• **WORK ORDER**: The entire listing below is to be written out exactly, minus the pictures.

• **MATERIAL PROVIDED**:

== Segment start ==

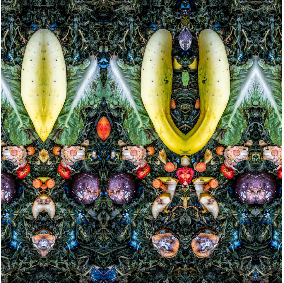
The Horror Clown arrives in a rubber dinghy (part two)
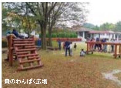
森のわんぱく広場
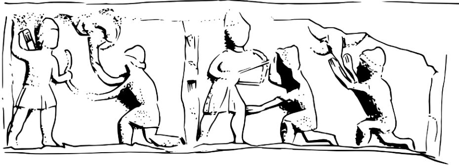
Abb. 6 Besigheim, CIMRM 2, Nr. 1301

== Segment end ==

• **EXPECTED ANSWER**:
The Horror Clown arrives in a rubber dinghy (part two)
森のわんぱく広場
Abb. 6 Besigheim, CIMRM 2, Nr. 1301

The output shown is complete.